▸ **What you will do**:
Beginning at the line that contains "Hier auch noch" and finishing at the line that contains "11月4日上午,设计学院就业", output the data below exactly. Include both end lines and no pictures.
------ Source data ------
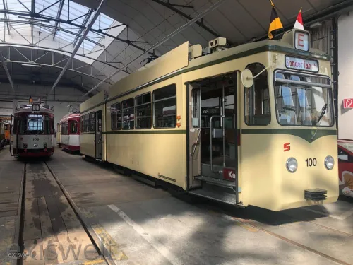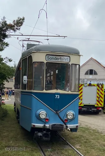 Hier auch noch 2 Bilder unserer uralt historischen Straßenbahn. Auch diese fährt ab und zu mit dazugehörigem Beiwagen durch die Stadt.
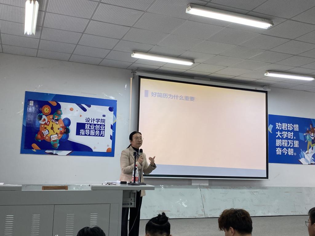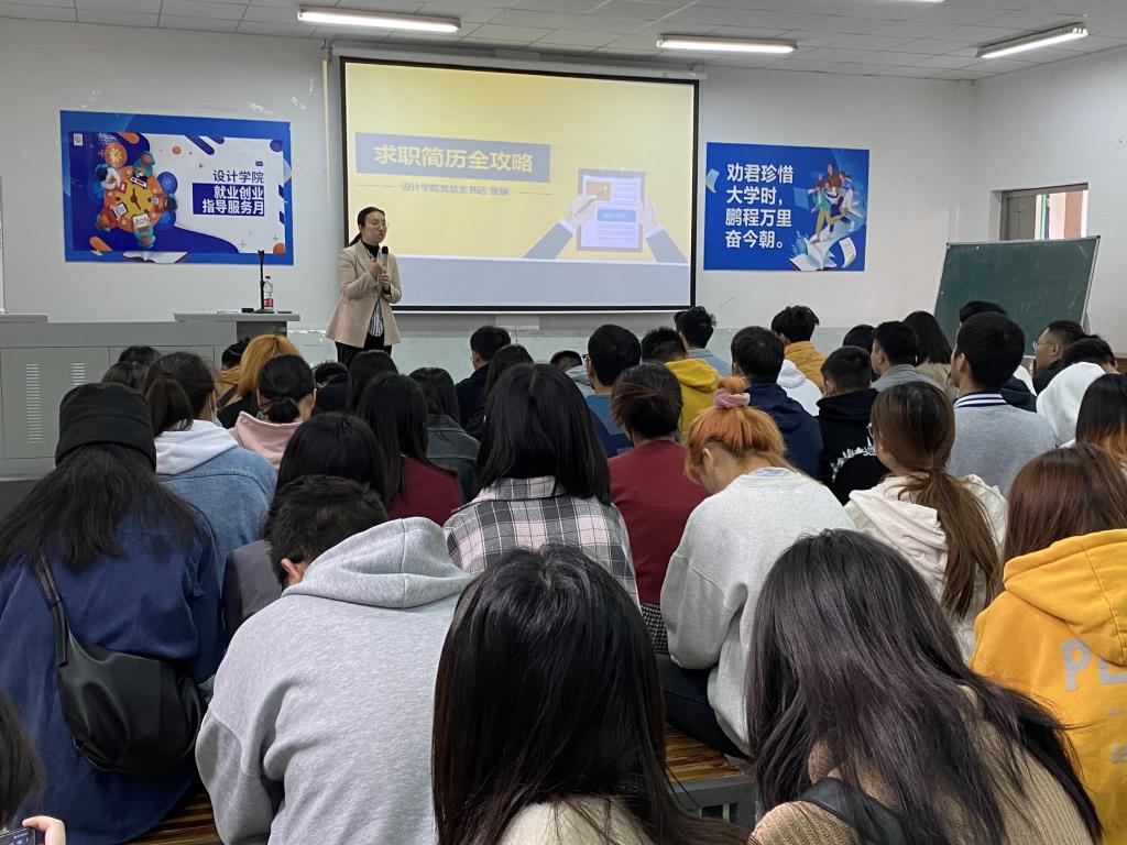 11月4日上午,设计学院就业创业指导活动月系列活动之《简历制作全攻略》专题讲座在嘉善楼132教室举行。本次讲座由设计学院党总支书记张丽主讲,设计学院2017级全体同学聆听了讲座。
------
------ Source data ------
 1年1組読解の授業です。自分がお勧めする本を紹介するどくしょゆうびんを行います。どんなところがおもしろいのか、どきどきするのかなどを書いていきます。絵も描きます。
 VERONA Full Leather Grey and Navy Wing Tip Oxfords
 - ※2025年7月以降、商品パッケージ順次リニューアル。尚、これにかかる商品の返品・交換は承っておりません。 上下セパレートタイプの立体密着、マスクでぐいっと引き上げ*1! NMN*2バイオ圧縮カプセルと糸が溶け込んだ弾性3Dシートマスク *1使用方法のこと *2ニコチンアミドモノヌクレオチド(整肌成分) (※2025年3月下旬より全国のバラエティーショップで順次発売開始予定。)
------
------ Source data ------
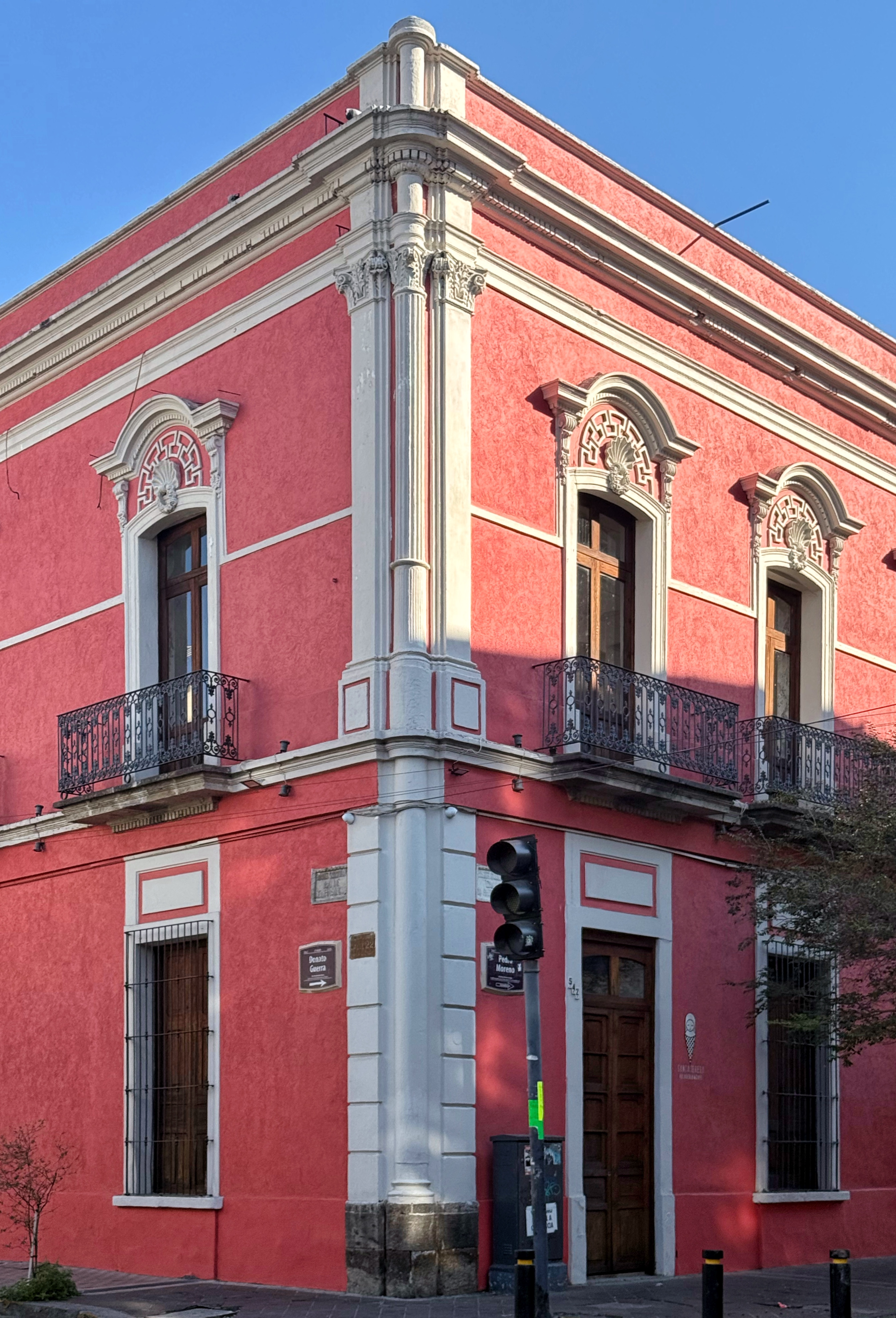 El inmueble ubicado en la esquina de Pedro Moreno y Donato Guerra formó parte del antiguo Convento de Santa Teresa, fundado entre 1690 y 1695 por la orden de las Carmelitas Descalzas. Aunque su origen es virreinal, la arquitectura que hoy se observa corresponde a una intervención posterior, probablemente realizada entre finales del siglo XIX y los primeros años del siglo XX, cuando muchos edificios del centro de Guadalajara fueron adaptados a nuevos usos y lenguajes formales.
------
▸ **Result**:
 Hier auch noch 2 Bilder unserer uralt historischen Straßenbahn. Auch diese fährt ab und zu mit dazugehörigem Beiwagen durch die Stadt.
 11月4日上午,设计学院就业创业指导活动月系列活动之《简历制作全攻略》专题讲座在嘉善楼132教室举行。本次讲座由设计学院党总支书记张丽主讲,设计学院2017级全体同学聆听了讲座。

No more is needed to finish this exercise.